Below are the records; reproduce all of them exactly but without any images.

Records contained in a dataset:
◆ ◆ ◆ ◆ ◆

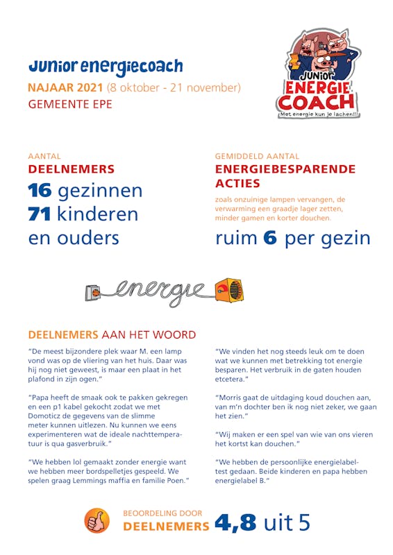In het najaar van 2021 konden gezinnen via gemeente Epe voor het eerst gratis deelnemen aan Junior Energiecoach. Junior Energiecoach is een spel voor kinderen van 7 tot 12 jaar en hun gezin. Vijf weken lang doen zij mee aan verschillende spellen en challenges die te maken hebben met energiebesparing. In onze gemeente ging een groep eerste deelnemers in oktober van start. Wij interviewden de vader (V) en zoon (Z) van Team Electrisch uit Vaassen over hun ervaring met Junior Energiecoach.
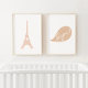 Ajoutez une touche de finesse à l'espace de votre petit avec cette série de 2 gravures d'art "bonjour" et de la Tour Eiffel.
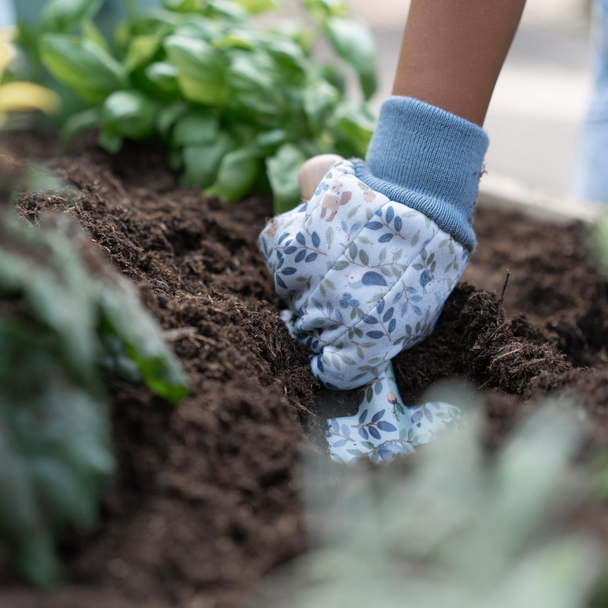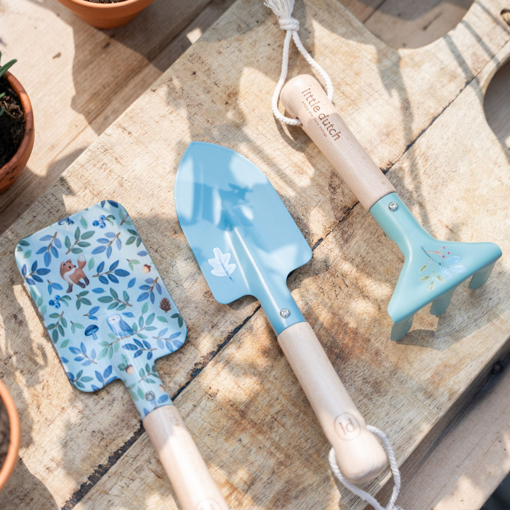 De set bestaat uit twee schepjes en een hark, allemaal gemaakt van stevig metaal met houten handvatten voor een comfortabele grip. Elk stuk is versierd met mooie illustraties en kleuren uit de collectie, perfect passend bij de avonturen van je kleintje in de tuin. Met de handige koordjes kun je het gereedschap makkelijk ophangen na het tuinieren. Perfect voor kleine handjes.
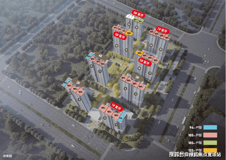 项目共计规划8栋14-18F高层住宅,规划可售住宅套数528套,主力建面约94-122㎡3房,功能齐全,足够匹配不同家庭结构的需求。
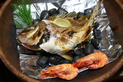 半身は刺身 半身は大きな陶器の皿で蒸し焼き
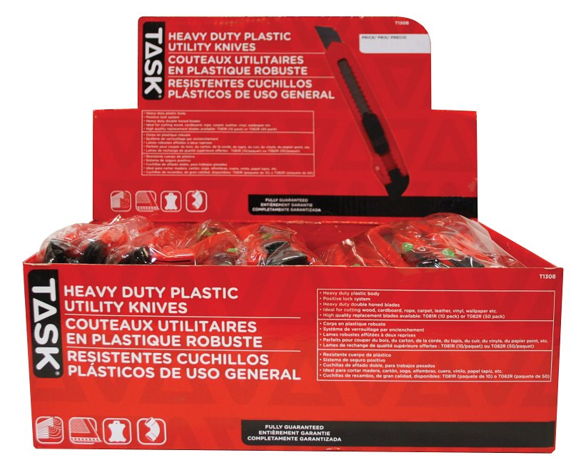 Task Auto-Lock Knife, 18 mm W Blade, Plastic Handle, Cut Material: Cardboard, Leather, Vinyl, Wallpaper, Wood
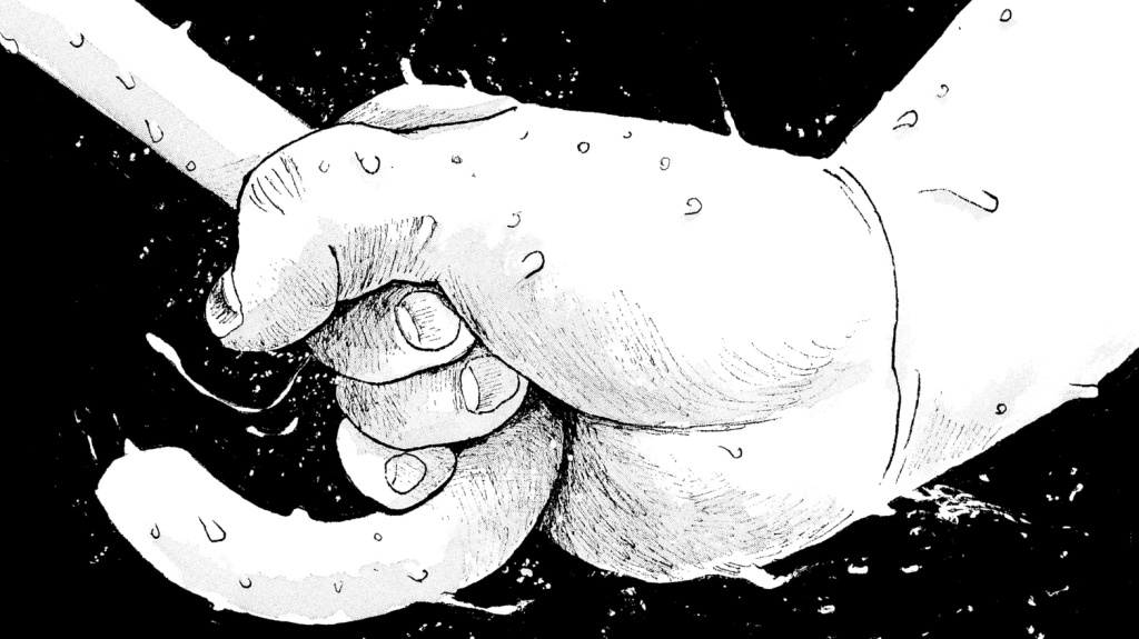 Uno dei momenti che ho amato di più è quando vediamo Chosuke, che, proprio mentre si arrendeva al fatto di non riuscire più a disegnare nulla per la nuova rivista, decide di fare una passeggiata sotto la pioggia. Durante questa passeggiata perde l’ombrello e sceglie di rincorrerlo. Nell’istante in cui riesce ad afferrarlo, è come se venisse travolto da un’ondata di idee e riacquistasse il suo amore per i manga. Da lì in poi, si precipita nel bar dove aveva lasciato tutta l’attrezzatura da disegno, per buttare giù il più velocemente possibile tutto ciò che gli è venuto in mente.
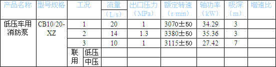 水罐容量(l):2000 CB10/20消防泵工況性能參數(shù)表
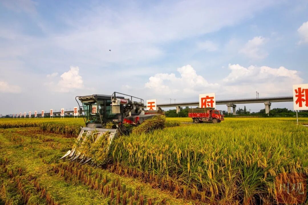 2025年8月27日,眉山市东坡区太和镇永丰村千亩水稻开镰收割 图据川观新闻
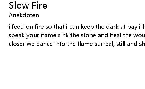 | i feed on fire so that i can keep the dark at bay i have known you i long to speak your name sink the stone and heal the wounds to make me whole again moving closer we dance into the flame surreal, still and shining come and wash me away |
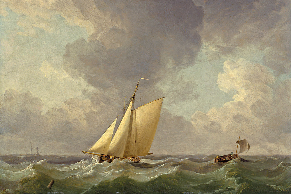 A sweet vintage painting of a small sail boat abreast a choppy sea. This print has a lovely textured patina.
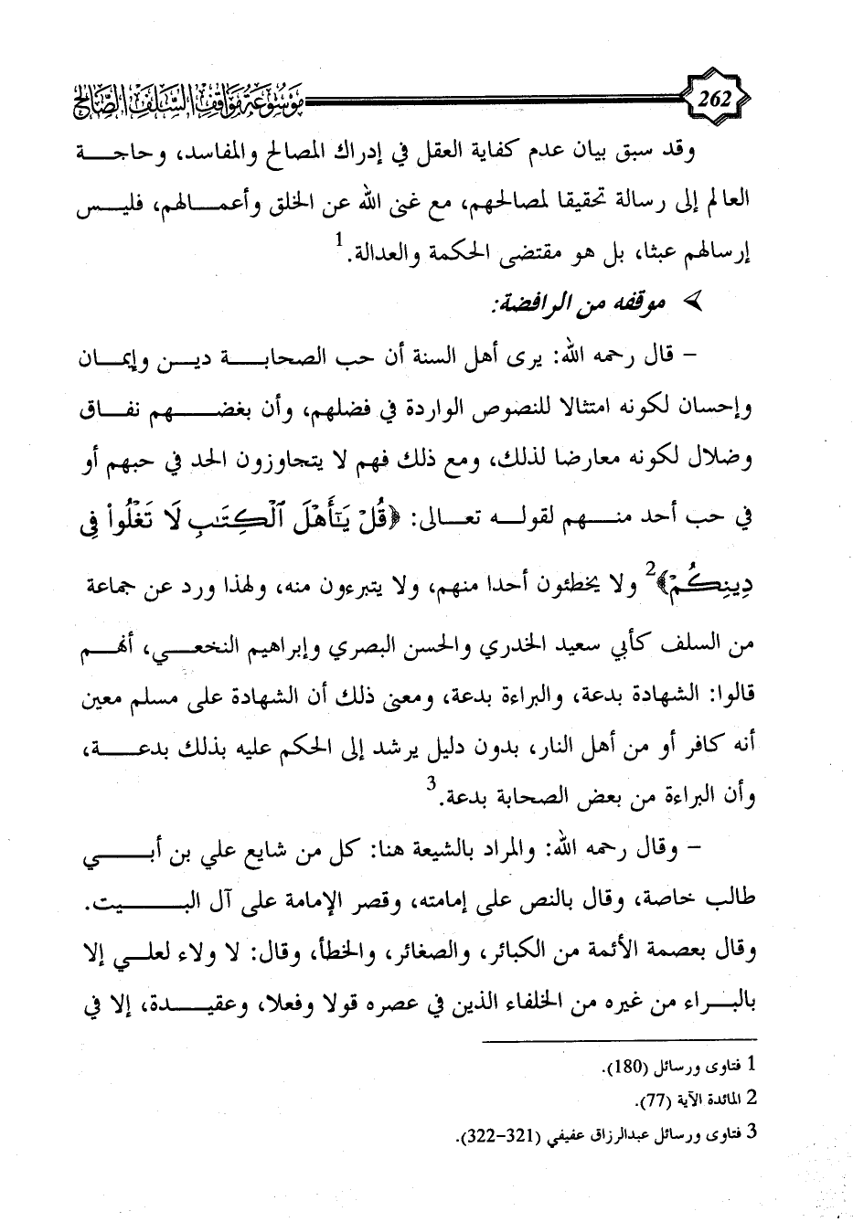 - قال رحمه الله: يرى أهل السنة أن حب الصحابة دين وإيمان وإحسان لكونه امتثالا للنصوص الواردة في فضلهم، وأن بغضهم نفاق وضلال لكونه معارضا لذلك، ومع ذلك فهم لا يتجاوزون الحد في حبهم أو في حب أحد منهم لقوله تعالى: {قُلْ يَا أَهْلَ الْكِتَابِ لَا تَغْلُوا فِي دِينِكُمْ} (¬2) ولا يخطئون أحدا منهم، ولا يتبرءون منه، ولهذا ورد عن جماعة من السلف كأبي سعيد الخدري والحسن البصري وإبراهيم النخعي، أنهم قالوا: الشهادة بدعة، والبراءة بدعة، ومعنى ذلك أن الشهادة على مسلم معين أنه كافر أو من أهل النار، بدون دليل يرشد إلى الحكم عليه بذلك بدعة، وأن البراءة من بعض الصحابة بدعة. (¬3)

◆ ◆ ◆ ◆ ◆

* _Reply_:
In het najaar van 2021 konden gezinnen via gemeente Epe voor het eerst gratis deelnemen aan Junior Energiecoach. Junior Energiecoach is een spel voor kinderen van 7 tot 12 jaar en hun gezin. Vijf weken lang doen zij mee aan verschillende spellen en challenges die te maken hebben met energiebesparing. In onze gemeente ging een groep eerste deelnemers in oktober van start. Wij interviewden de vader (V) en zoon (Z) van Team Electrisch uit Vaassen over hun ervaring met Junior Energiecoach.
 Ajoutez une touche de finesse à l'espace de votre petit avec cette série de 2 gravures d'art "bonjour" et de la Tour Eiffel.
 De set bestaat uit twee schepjes en een hark, allemaal gemaakt van stevig metaal met houten handvatten voor een comfortabele grip. Elk stuk is versierd met mooie illustraties en kleuren uit de collectie, perfect passend bij de avonturen van je kleintje in de tuin. Met de handige koordjes kun je het gereedschap makkelijk ophangen na het tuinieren. Perfect voor kleine handjes.
 项目共计规划8栋14-18F高层住宅,规划可售住宅套数528套,主力建面约94-122㎡3房,功能齐全,足够匹配不同家庭结构的需求。
 半身は刺身 半身は大きな陶器の皿で蒸し焼き
 Task Auto-Lock Knife, 18 mm W Blade, Plastic Handle, Cut Material: Cardboard, Leather, Vinyl, Wallpaper, Wood
 Uno dei momenti che ho amato di più è quando vediamo Chosuke, che, proprio mentre si arrendeva al fatto di non riuscire più a disegnare nulla per la nuova rivista, decide di fare una passeggiata sotto la pioggia. Durante questa passeggiata perde l’ombrello e sceglie di rincorrerlo. Nell’istante in cui riesce ad afferrarlo, è come se venisse travolto da un’ondata di idee e riacquistasse il suo amore per i manga. Da lì in poi, si precipita nel bar dove aveva lasciato tutta l’attrezzatura da disegno, per buttare giù il più velocemente possibile tutto ciò che gli è venuto in mente.
 水罐容量(l):2000 CB10/20消防泵工況性能參數(shù)表
 2025年8月27日,眉山市东坡区太和镇永丰村千亩水稻开镰收割 图据川观新闻
 | i feed on fire so that i can keep the dark at bay i have known you i long to speak your name sink the stone and heal the wounds to make me whole again moving closer we dance into the flame surreal, still and shining come and wash me away |
 A sweet vintage painting of a small sail boat abreast a choppy sea. This print has a lovely textured patina.
 - قال رحمه الله: يرى أهل السنة أن حب الصحابة دين وإيمان وإحسان لكونه امتثالا للنصوص الواردة في فضلهم، وأن بغضهم نفاق وضلال لكونه معارضا لذلك، ومع ذلك فهم لا يتجاوزون الحد في حبهم أو في حب أحد منهم لقوله تعالى: {قُلْ يَا أَهْلَ الْكِتَابِ لَا تَغْلُوا فِي دِينِكُمْ} (¬2) ولا يخطئون أحدا منهم، ولا يتبرءون منه، ولهذا ورد عن جماعة من السلف كأبي سعيد الخدري والحسن البصري وإبراهيم النخعي، أنهم قالوا: الشهادة بدعة، والبراءة بدعة، ومعنى ذلك أن الشهادة على مسلم معين أنه كافر أو من أهل النار، بدون دليل يرشد إلى الحكم عليه بذلك بدعة، وأن البراءة من بعض الصحابة بدعة. (¬3)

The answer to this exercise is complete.